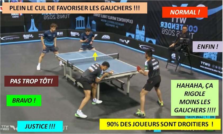 Règlement ITTF : à partir du 1er septembre 2026, changement majeur, avec, en double, une permutation : le service devra avoir son premier rebond dans le 1er carré de service à gauche et le second, dans la diagonale opposée.
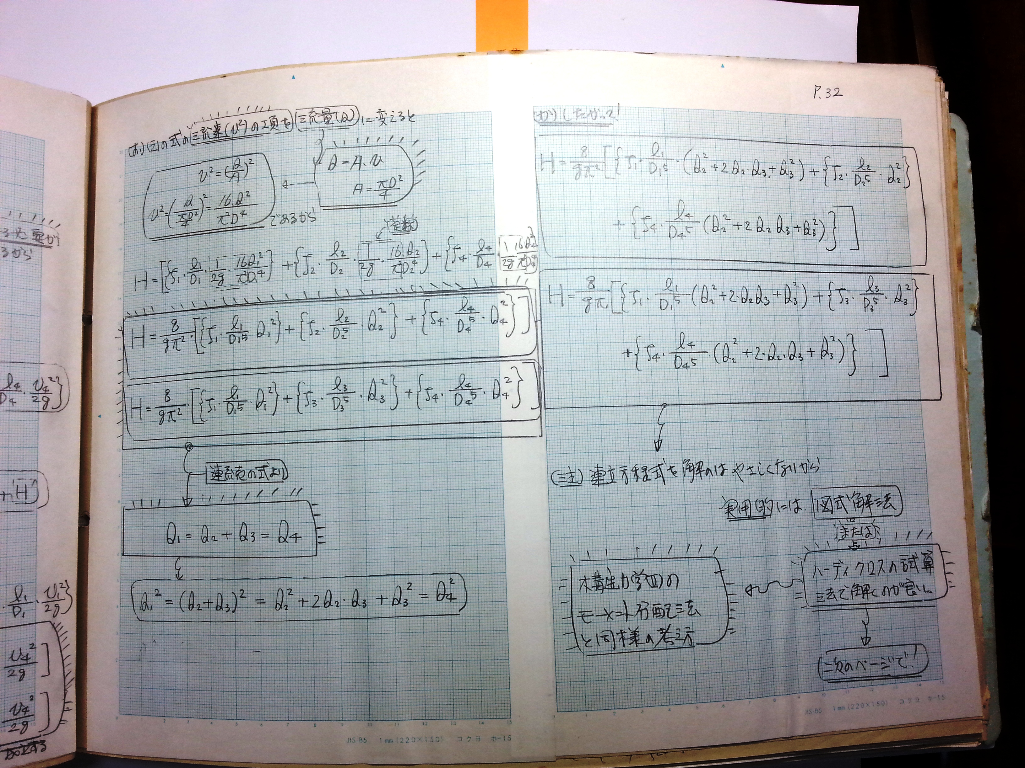 複線のある管路の流量(続き) 連立方程式を解くのは易しくない。
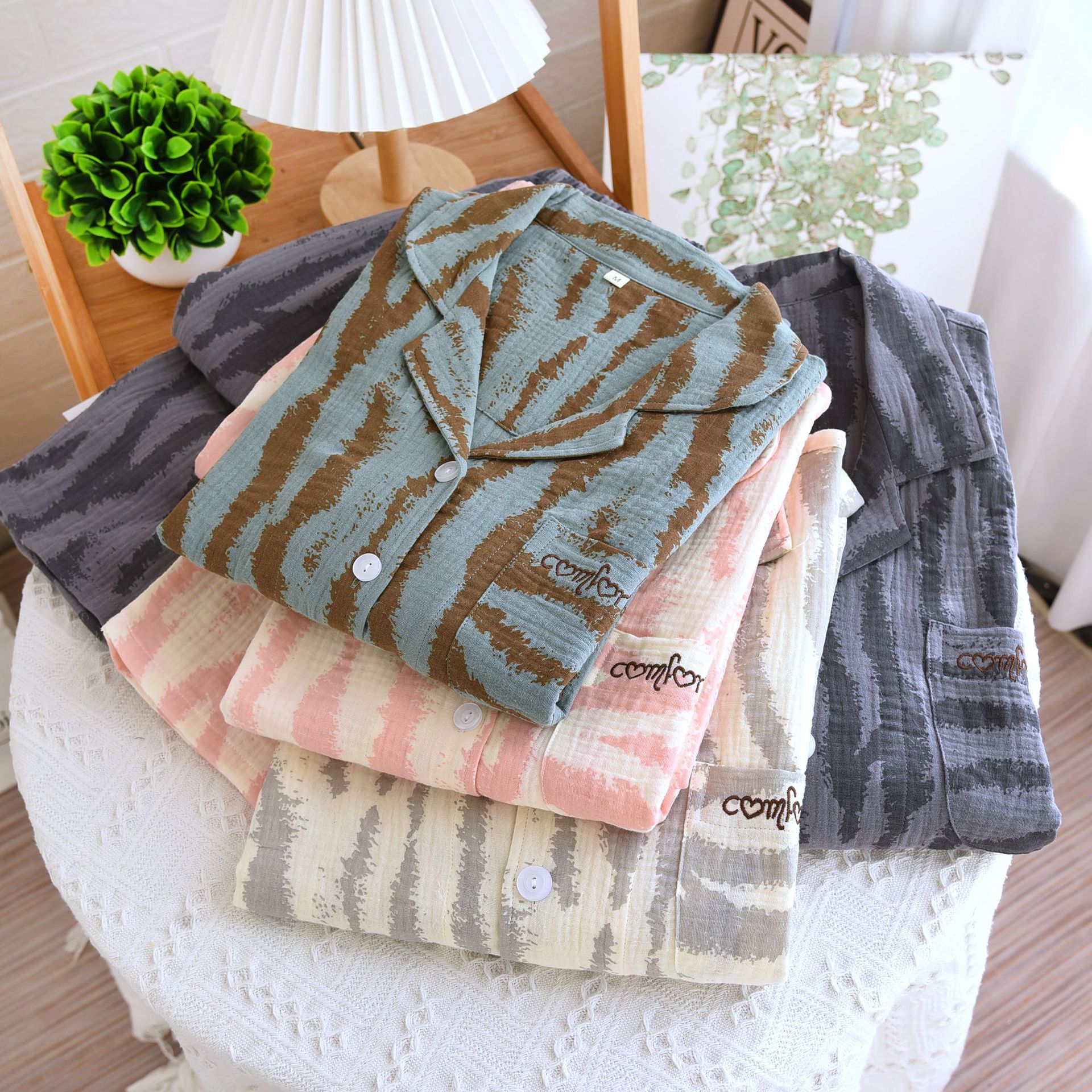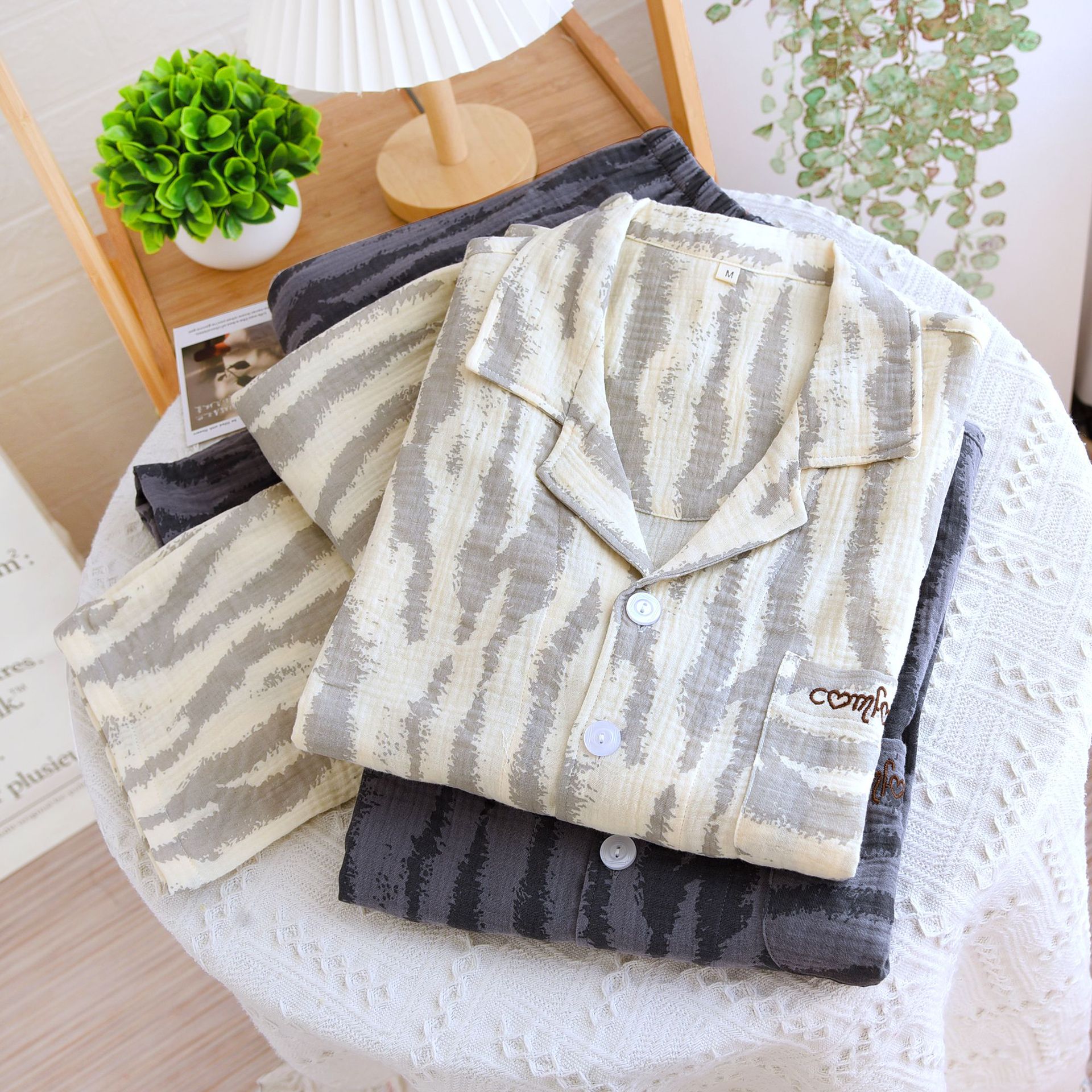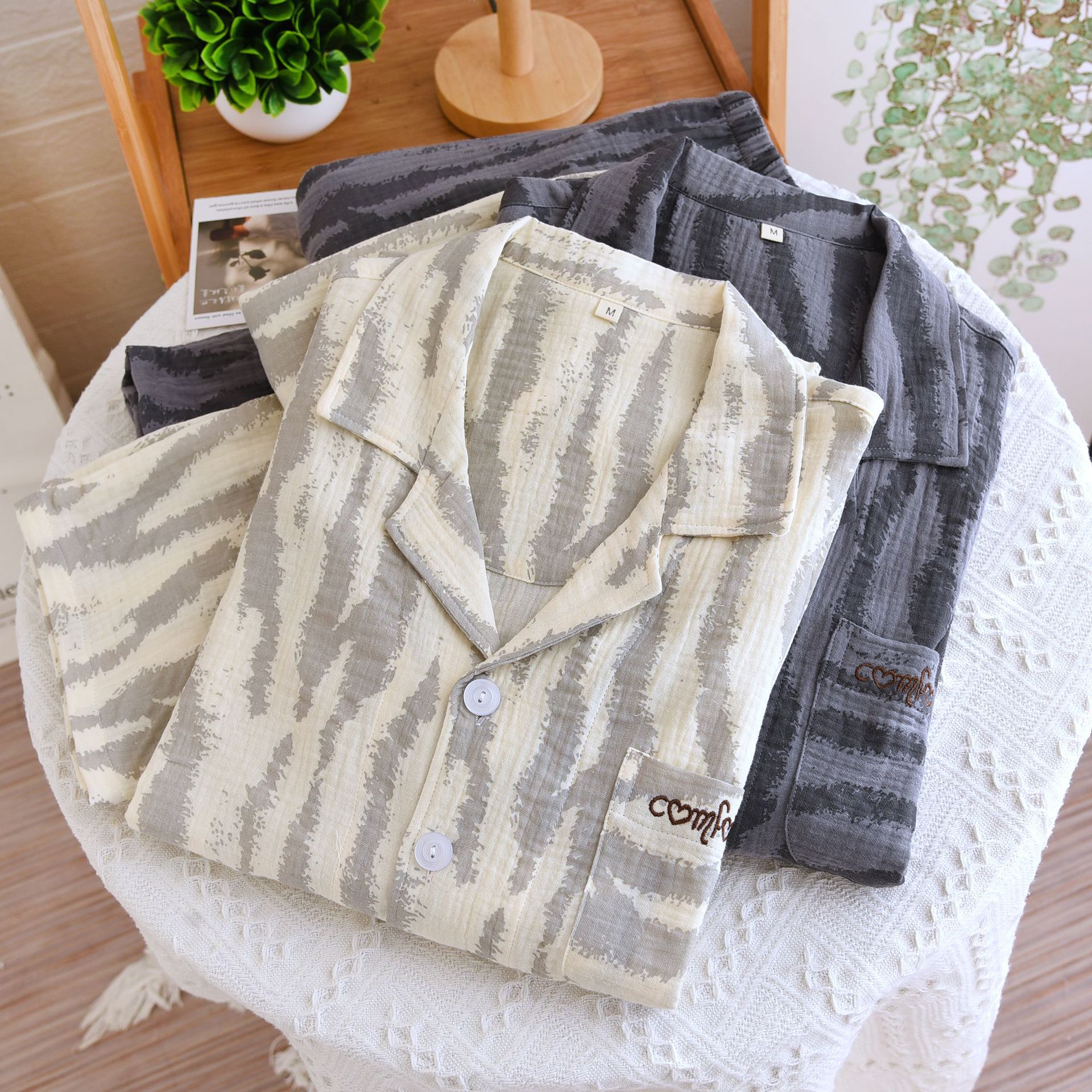 고급 얼룩말 패턴 잠옷 커플 봄과 가을 여성 긴팔 홈 세트 남자 2024 새 집스토어 가기
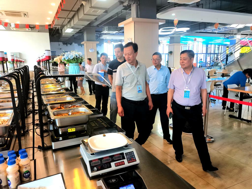 温锋科一行先后来到学校南大门、学生宿舍、一卡通服务大厅、快递站、超市、美发室、浴室、食堂、配电、供水及污水处理设备间等区域和场所,实地查看门禁管理、值班值守、安全防范、住宿餐饮、快递服务、物资储备、生活保障与饮用水管理等情况,重点了解学生返校情况,服务保障情况和上次发现问题整改情况。
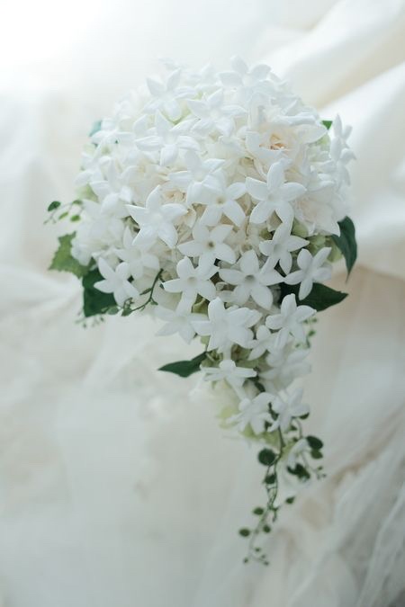 ウェディングの憧れの「ジューンブライド」には純白のジャスミンのご注文が多く、
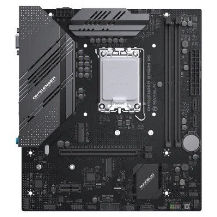 MaxSun Challenger B760M D5 — материнская плата формата mATX на чипсете Intel B760 с сокетом LGA1700. Поддерживает 2 модуля DDR5, два M.2 накопителя, 3 порта SATA и видеовыходы HDMI и VGA. Подходит для сборки домашних, офисных и бюджетных игровых систем на базе процессоров Intel 12/13 поколения.
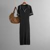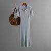 Letnia Sukienka POLO z Klapami w Jednolitym Kolorze, Dopasowana, Wyszczuplająca Biodra, Dzianinowa, z Krótkim Rękawem Dla Kobiet
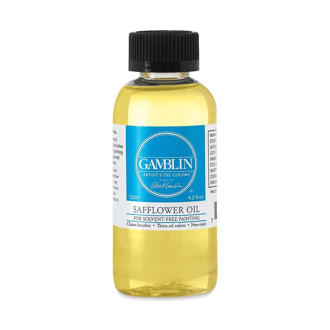 El aceite de cártamo de Gamblin (safflower oil) no puede faltar entre tus herramientas de pintura al óleo: súper versátil y de un tono claro, más transparente y mucho menos amarillento que el aceite de linaza.
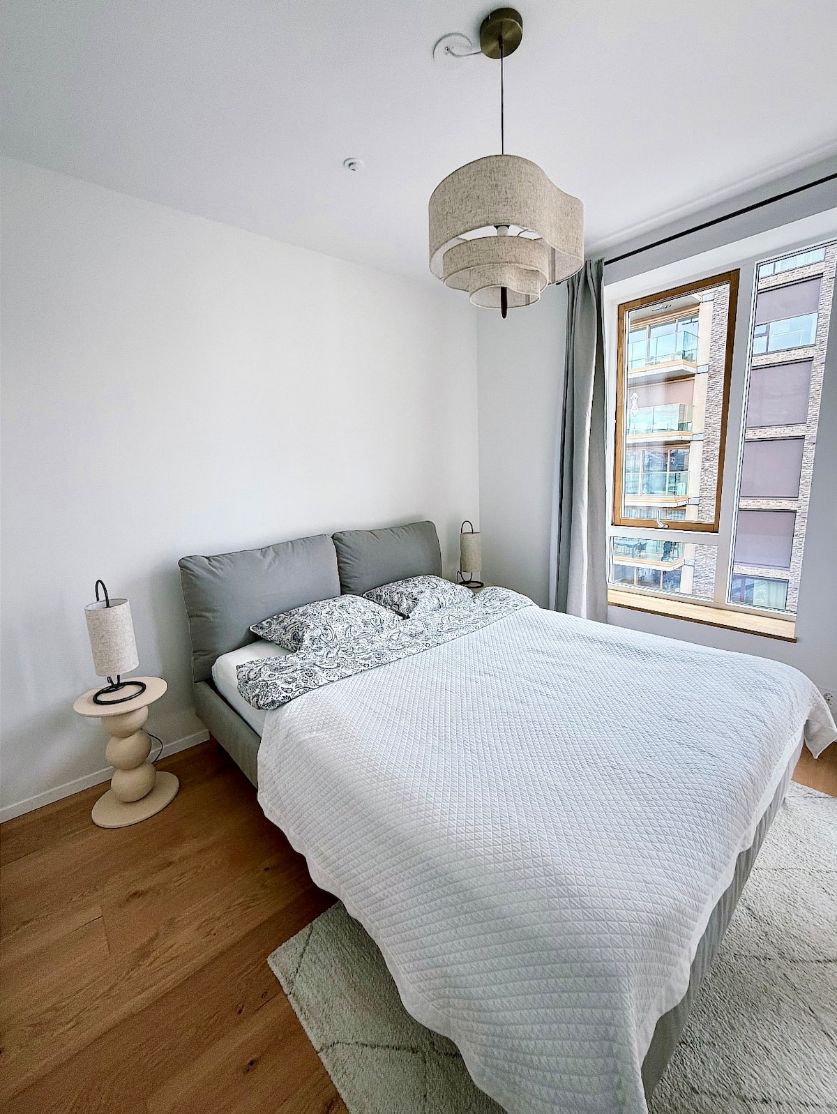 Welcome to our apartment nestled in the heart of the city. Experience unparalleled comfort and convenience in our beautifully designed home. The apartment is located on the 7th floor with spectacular view! Highlights: - Built in 2023 - 2 bedrooms - 2 bathrooms (bathtub + shower) - Elevator - Close to everything! - Balcony with lagre Weber BBQ - Sun from 10 am to sunset (summer) - Well equipped kitchen - Super comfortable beds - Full Sonos sound system - AC-unit (summer)
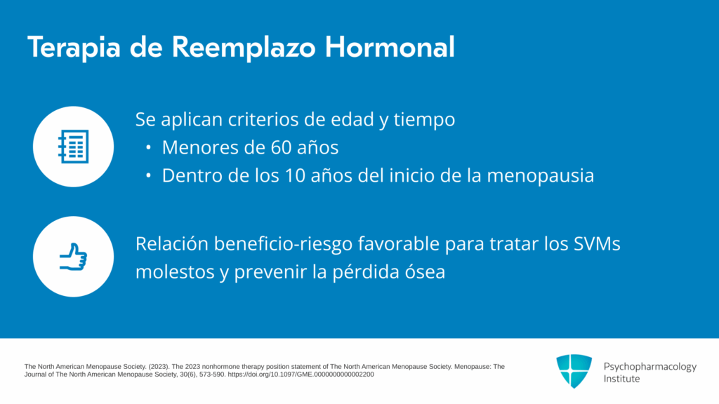 Es importante ahora revisar la declaración de posición de la NAMS sobre la terapia de reemplazo hormonal. En general, para las mujeres menores de 60 años que están dentro de los 10 años del inicio de la menopausia y no tienen contraindicaciones, la relación beneficio-riesgo es favorable para el tratamiento de los síntomas vasomotores molestos y la prevención de la pérdida ósea. Por lo tanto, si alguien está teniendo síntomas vasomotores molestos en la perimenopausia, se debería considerar la terapia de reemplazo hormonal o la terapia hormonal menopáusica.
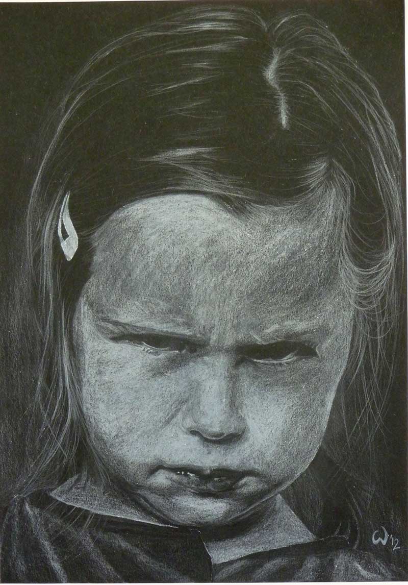 Published 13. Dezember 2015 at 800 × 1146 in PORTRÄTS „Trotziges Mädchen“ Buntstift auf Tonpapier DIN A4
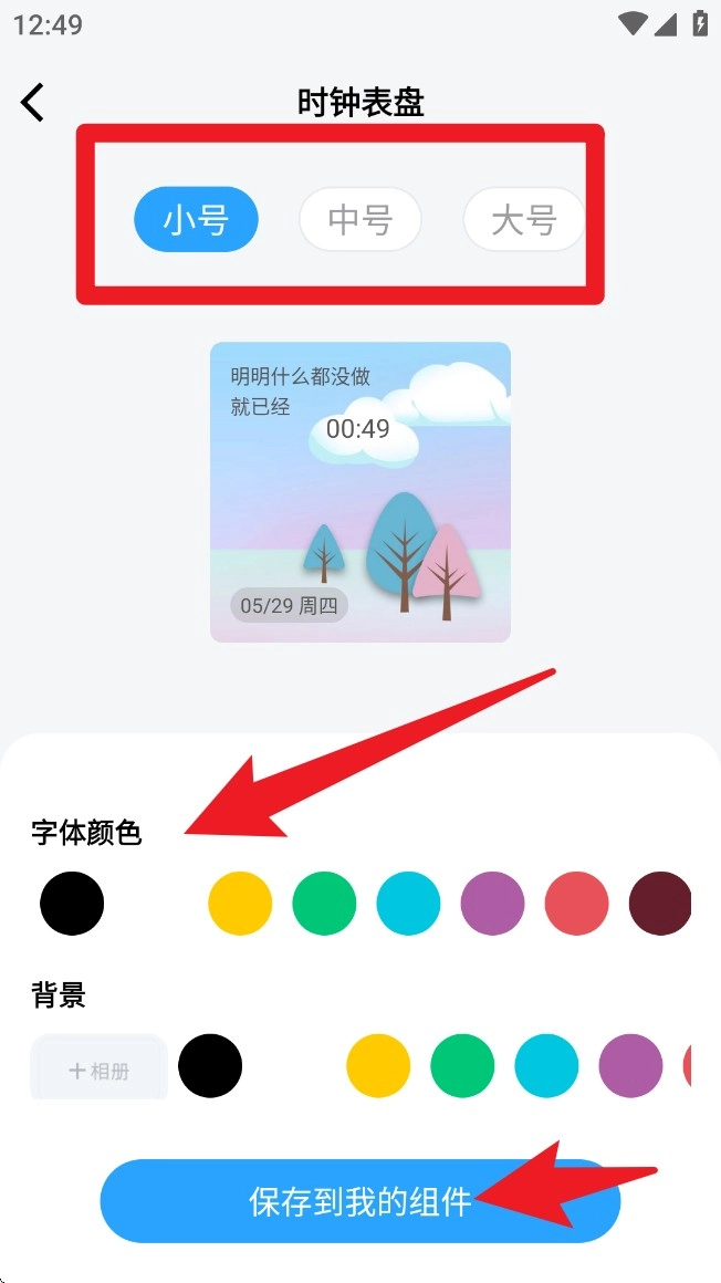 2. 在“时间”模块内,能够自由切换字体大小,对字体颜色和背景配色进行设置,点击“保存到我的组件”即可完成配置。

○ ○ ○

» **Exercise objective**: Each entry above is to be given again exactly, and any image in it is to be dropped.

» **Answer area**:
 Règlement ITTF : à partir du 1er septembre 2026, changement majeur, avec, en double, une permutation : le service devra avoir son premier rebond dans le 1er carré de service à gauche et le second, dans la diagonale opposée.
 複線のある管路の流量(続き) 連立方程式を解くのは易しくない。
 고급 얼룩말 패턴 잠옷 커플 봄과 가을 여성 긴팔 홈 세트 남자 2024 새 집스토어 가기
 温锋科一行先后来到学校南大门、学生宿舍、一卡通服务大厅、快递站、超市、美发室、浴室、食堂、配电、供水及污水处理设备间等区域和场所,实地查看门禁管理、值班值守、安全防范、住宿餐饮、快递服务、物资储备、生活保障与饮用水管理等情况,重点了解学生返校情况,服务保障情况和上次发现问题整改情况。
 ウェディングの憧れの「ジューンブライド」には純白のジャスミンのご注文が多く、
 MaxSun Challenger B760M D5 — материнская плата формата mATX на чипсете Intel B760 с сокетом LGA1700. Поддерживает 2 модуля DDR5, два M.2 накопителя, 3 порта SATA и видеовыходы HDMI и VGA. Подходит для сборки домашних, офисных и бюджетных игровых систем на базе процессоров Intel 12/13 поколения.
 Letnia Sukienka POLO z Klapami w Jednolitym Kolorze, Dopasowana, Wyszczuplająca Biodra, Dzianinowa, z Krótkim Rękawem Dla Kobiet
 El aceite de cártamo de Gamblin (safflower oil) no puede faltar entre tus herramientas de pintura al óleo: súper versátil y de un tono claro, más transparente y mucho menos amarillento que el aceite de linaza.
 Welcome to our apartment nestled in the heart of the city. Experience unparalleled comfort and convenience in our beautifully designed home. The apartment is located on the 7th floor with spectacular view! Highlights: - Built in 2023 - 2 bedrooms - 2 bathrooms (bathtub + shower) - Elevator - Close to everything! - Balcony with lagre Weber BBQ - Sun from 10 am to sunset (summer) - Well equipped kitchen - Super comfortable beds - Full Sonos sound system - AC-unit (summer)
 Es importante ahora revisar la declaración de posición de la NAMS sobre la terapia de reemplazo hormonal. En general, para las mujeres menores de 60 años que están dentro de los 10 años del inicio de la menopausia y no tienen contraindicaciones, la relación beneficio-riesgo es favorable para el tratamiento de los síntomas vasomotores molestos y la prevención de la pérdida ósea. Por lo tanto, si alguien está teniendo síntomas vasomotores molestos en la perimenopausia, se debería considerar la terapia de reemplazo hormonal o la terapia hormonal menopáusica.
 Published 13. Dezember 2015 at 800 × 1146 in PORTRÄTS „Trotziges Mädchen“ Buntstift auf Tonpapier DIN A4
 2. 在“时间”模块内,能够自由切换字体大小,对字体颜色和背景配色进行设置,点击“保存到我的组件”即可完成配置。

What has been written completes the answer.